A polilaminina é uma substância estudada há mais de 20 anos pela Universidade Federal do Rio de Janeiro (UFRJ). Trata-se de uma versão sintetizada em laboratório da laminina, proteína fundamental no desenvolvimento embrionário, responsável por auxiliar na conexão entre neurônios. A expectativa é que, aplicada diretamente no ponto da lesão medular, a substância estimule a formação de novas rotas nervosas, restaurando parte dos movimentos perdidos.

Resultados recentes em cães demonstram avanços promissores. Um estudo publicado em agosto na revista Frontiers in Veterinary Science avaliou seis cães paraplégicos, que permaneciam incapazes de andar mesmo após cirurgia e meses de fisioterapia, alguns há anos sem mobilidade. Após a aplicação da polilaminina na medula, quatro animais conseguiram retomar passos e melhorar a firmeza da marcha, enquanto dois tiveram progresso mais discreto. O acompanhamento durou seis meses, e não foram registrados efeitos colaterais graves, com exceção de um caso de diarreia sem relação comprovada com a substância.

Além dos testes em animais, pequenos grupos de voluntários brasileiros receberam a polilaminina em protocolos experimentais. Alguns participantes, que haviam perdido totalmente os movimentos abaixo da lesão, recuperaram parte da mobilidade, variando de pequenos movimentos a ganhos mais expressivos, como controle do tronco e passos com auxílio. Contudo, o número de voluntários é limitado — apenas oito — e os cientistas alertam que os resultados precisam ser confirmados em estudos maiores e controlados.

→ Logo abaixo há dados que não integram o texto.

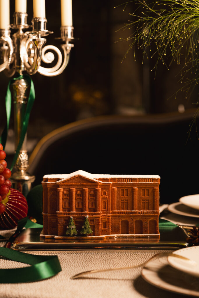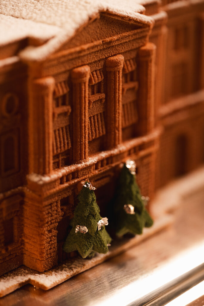 - Une bûche de Noël en forme de façade de l’Hôtel de Crillon : mousse vanille de Madagascar, croustillant praliné amande-spéculoos, compotée de pommes et biscuit moelleux, avec deux sapins en chocolat blanc. Prix : 110 € (6/8 personnes). Disponible en précommande dès le 10 novembre.

Segundo a Agência Nacional de Vigilância Sanitária (Anvisa), ainda não há pedido de aprovação da polilaminina para uso clínico. O que está em análise é a proposta de ensaio clínico regulatório. “A empresa responsável precisa complementar as informações de segurança antes que os testes em humanos, dentro das regras regulatórias, possam começar”, informou a agência. Até o momento, os dados disponíveis referem-se à fase não clínica, incluindo estudos laboratoriais e testes em animais.

Para que o tratamento se torne acessível em hospitais e no Sistema Único de Saúde (SUS), será necessário concluir os estudos pré-clínicos, comprovar segurança em animais, iniciar ensaios clínicos regulatórios em humanos (começando pela fase 1), ampliar os testes nas fases 2 e 3 para avaliar eficácia e doses adequadas, e, por fim, solicitar o registro sanitário. Este processo rigoroso pode levar anos.

Apesar do caminho longo, os avanços observados em animais e nos primeiros voluntários indicam potencial promissor. A polilaminina continua sendo uma das pesquisas mais relevantes na área de regeneração da medula espinhal, oferecendo esperança em um campo ainda sem solução definitiva.